**Exercise directions**
Within the entries below, the lines from the one with "Exclusive leather belt" through the one with "- When the Task" are to be set down exactly, both ends kept.

**Records for this task**
*** Block opens ***
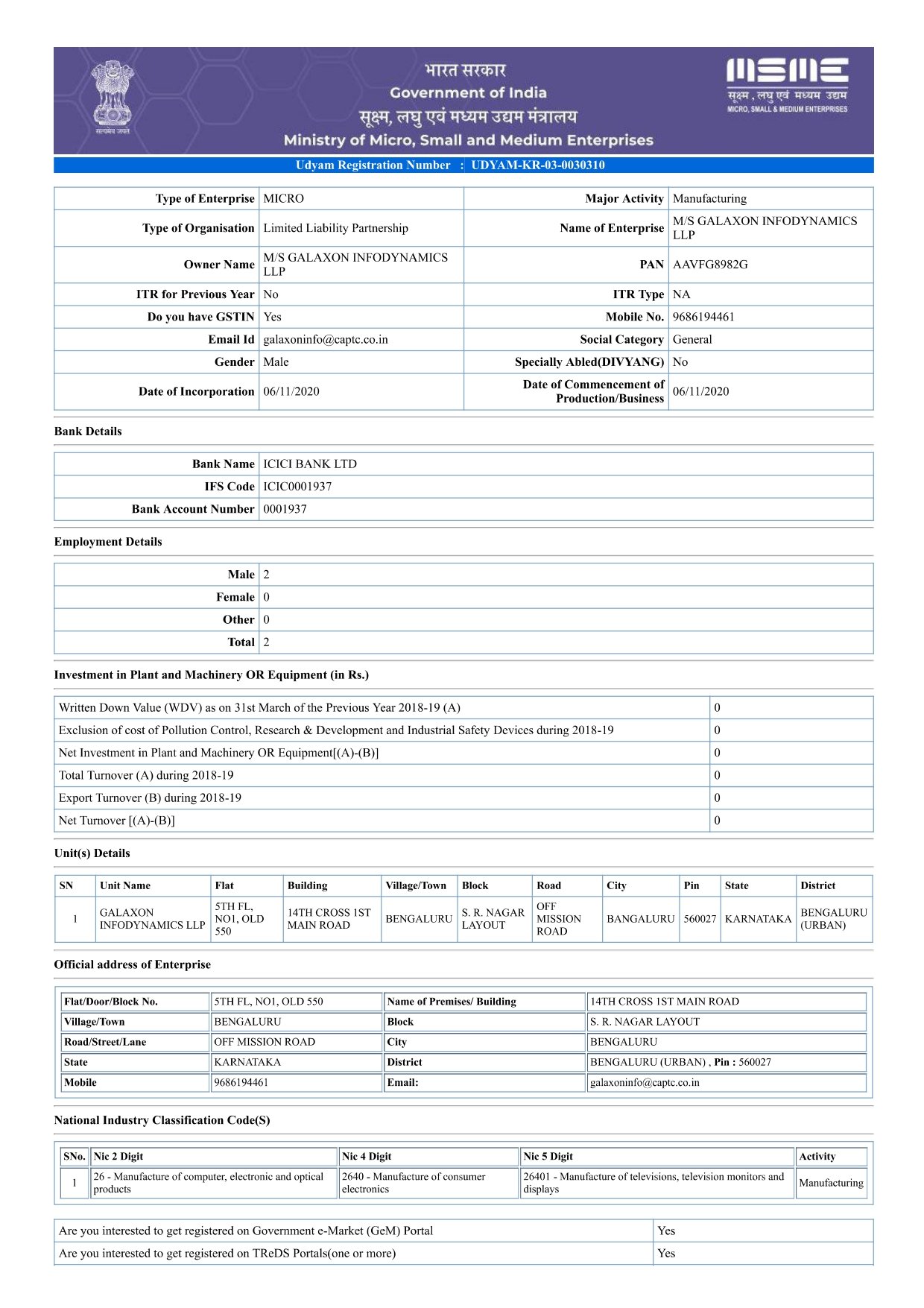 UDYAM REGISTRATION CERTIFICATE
*** Block closes ***
*** Block opens ***
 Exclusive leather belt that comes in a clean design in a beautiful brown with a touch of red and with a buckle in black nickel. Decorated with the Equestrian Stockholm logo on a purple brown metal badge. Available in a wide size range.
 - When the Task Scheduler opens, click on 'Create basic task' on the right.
*** Block closes ***
**Response area**
 Exclusive leather belt that comes in a clean design in a beautiful brown with a touch of red and with a buckle in black nickel. Decorated with the Equestrian Stockholm logo on a purple brown metal badge. Available in a wide size range.
 - When the Task Scheduler opens, click on 'Create basic task' on the right.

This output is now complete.